Marek Hlasko, Killing the Second Dog

When it comes to fiction, there is a curtain, a wall, a rupture between these 2020s and the middle years of the 20th century.

I say this in part for the technological changes, which makes impossible so many of the classic narratives: facial recognition, the genealogical use of DNA, social media, and the rest. Before all that, we saw the beginnings of this disjunction with the telephone, though less absolutely.

But more importantly, we live now without the same horrific prevalence of violence and the unspeakable. There's violence still, and cell phones make the spectacle and hence the viability of violence always present, but more of us live now with the illusion that we're past all that: violence happens elsewhere and to others, rather than being always possible. Violence remains endemic, and some regions are shatteringly full of it, and also sexism and racism and neocolonialism combine to make it less visible only for some of us, but somehow we've newly come to think of violence as not normal.

Or at least that's how I feel after reading Marek Hlasko's gritty 1965 Killing the Second Dog, published just a few years before his death at 35.

The novel is told in the voice of Jacob, a man around Hlasko's age (and Hlask's middle name was Jakub), who with his co-conspirator Robert has found himself dedicated to the craft of serially seducing women for their money. He's a Pole living in Israel, whose nihilistic sense of self grew from his experiences in Warsaw during WW2: seeing rape committed in public, being forced to watch lynchings and street executions; knowing in graphic detail the kinds of tortures that people visited on each other at that time.

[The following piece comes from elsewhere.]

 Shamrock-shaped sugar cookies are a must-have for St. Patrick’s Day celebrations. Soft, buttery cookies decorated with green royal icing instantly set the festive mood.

This nihilism only grew, though, under Communism and its extermination of spontaneous good will among those who could otherwise have been a community.

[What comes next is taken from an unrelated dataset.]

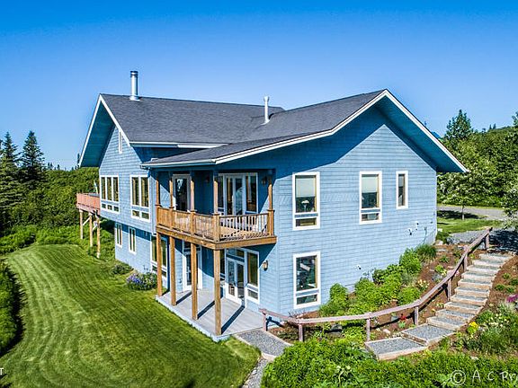 Breathtaking Views & Location! Gaze upon Kachemak Bay & 3 glaciers from this gorgeous open floor plan home with vaulted ceilings and a wall of windows overlooking the Bay. Built by master craftsman Paul Carter, this property includes everything one would expect in a luxury home. Over 4,200 sq ft for entertaining and hosting friends & family. Magnificent gardens and landscaping.

And yeah, there's a woman to be exploited, and a dog is killed, and there have been other dogs and other women, and Jacob is violent and has violence directed at him and is violent against himself, but none of it matters because nothing matters.

It's a short book, but for me a very tough read: not because of what's on the page, which is relatively tame except in short passages, but because there's a radical nihilism that feels to me would've been incredibly difficult to live with.

Recommended, certainly, for the prose (Hemingway!) and the characters (Beckett!) and the grit (Zola!), but not for everyone.